* Today in Black History - September 20 *
1664 - Maryland enacts the first anti-amalgamation law to prevent widespread
intermarriage of English women and African American men. Other
colonies passed similar laws: Virginia, 1691; Massachusetts 1705;
North Carolina, 1715; South Carolina, 1717; Delaware, 1721;
Pennsylvania, 1725.
1830 - The National Negro Convention, a group of 38 free African Americans
from eight states, meets in Philadelphia, Pennsylvania, at the
Bethel A.M.E. Church, with the express purpose of abolishing
slavery and improving the social status of African Americans. They
will elect Richard Allen president and agree to boycott slave-
produced goods.
1847 - William A. Leidesdorff is elected to San Francisco town council
receiving the third highest vote. Leidesdorff, who was one of the
first African American elected officials, becomes the town
treasurer in 1848.
1850 - Slave trade is abolished in Washington, DC, but slavery will be
allowed to continue until 1862.
1885 - Ferdinand Joseph La Menthe ("Jelly Roll" Morton) is born in Gulfport
(New Orleans), Louisiana. He will become a renown jazz pianist
and composer. Morton, whose fabulous series of 1938 recordings for
the Library of Congress are a gold mine of information about early
jazz, was a complex man. Vain, ambitious, and given to
exaggeration, he was a pool shark, hustler and gambler, as well as
a brilliant pianist and composer. His greatest talent, perhaps was
for organizing and arranging.

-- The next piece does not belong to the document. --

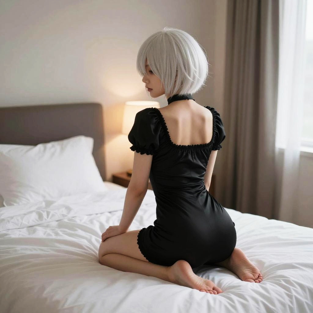 Ass up wait, (photorealistic:1.6), short hair, white hair, black dress, cozzy bedroom, on bed
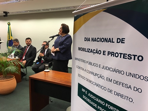 Também discursaram representantes das entidades que compõe a Frente Associativa da Magistratura e do Ministério Público (Frentas) – organizadora do ato – e os deputados Alessandro Molon (Rede/RJ), Lincoln Diniz Portela (PRB/MG) e Valternir Pereira (PMDB/MT).

The series of records he made with
his "Red Hot Peppers" between 1926 and 1928 stands, alongside King
Oliver's as the crowning glory of the New Orleans tradition and one
of the great achievements in Jazz.
1915 - Hughie Lee-Smith is born in Eustis, Florida. He will become a
painter known for such surrealistic landscapes as "Man with
Balloons", "Man Standing on His Head" and "Big Brother".
1943 - Sani Abacha is born in Kano, Nigeria. After being educated in his
home state, will become a soldier and go to England for advanced
military education. He will achieve many promotions as a soldier
and by the mid-1980s, will enter Nigeria's military elite. In 1983
he will be among those who will overthrow Shehu Shagari, leader of
the Second Republic, in a coup which led to the military rule of
Muhammadu Buhari. In 1985, Abacha will participate in a second
coup, which will replace Buhari with General Ibrahim Babangida. As
head of state, Babangida will announce that free elections will be
held in the early 1990s. In 1993, however, after Babangida
nullifies the results of these belated free elections, Abacha will
stage a third coup and oust his former ally. His regime will be
characterized by a concern with security that verges on paranoia.
Abacha will schedule elections for August, 1998, but months
beforehand, all five legal parties nominate him as their "consensus
candidate." In June, 1998, Abacha will join the ancestors when he
dies unexpectedly of a heart attack.
1958 - Martin Luther King Jr. is stabbed in the chest by a deranged African
American woman while he is autographing books in a Harlem
department store. The woman is placed under mental observation.
1962 - Mississippi's governor, Ross Barnett, personally refuses to admit
James Meredith to University of Mississippi as its first African
American student. (Meredith is later admitted.)
1962 - The Zimbabwe African People's Union (ZAPU) is banned in an order
issued by Sir Edgar Whitehead, the prime minister of Southern
Rhodesia.
1973 - Willie Mays announces his retirement from major league baseball at
the end of the 1973 baseball season.
1979 - A bloodless coup overthrows Jean-Bedel Bokassa, self-styled head of
the Central African Empire, in a French-supported coup while he is
visiting Libya.
1984 - NBC-TV debuts "The Cosby Show". Bill Cosby plays Dr. Heathcliff
(Cliff) Huxtable. His lovely wife, Clair, is played by Phylicia
Rashad. The Huxtable kids were Sondra, age 20 (Sabrina Le Beauf),
Denise, age 16 (Lisa Bonet), Theodore, age 14 (Malcom-Jamal
Warner), Vanessa, age 8 (Tempestt Bledsoe) and Rudy, age 5 (Keshia
Knight Pulliam). The premiere is the most watched show of the week
and the show goes on to become an Emmy Award-winner and one of the
most popular on television for eight years. The series, which had
been rejected by other network television executives, will become
one of the most popular in television history.
1987 - Alfre Woodard wins an Emmy for outstanding guest performance in the
dramatic series "L.A. Law". It is her second Emmy award, her first
having been for a supporting role in "Hill Street Blues" in 1984.
1987 - Walter Payton scores the NFL record 107th rushing touchdown.
1999 - Lawrence Russell Brewer becomes the second white supremacist to be
convicted in the dragging death of James Byrd Jr. in Jasper, Texas.
He will be later sentenced to death.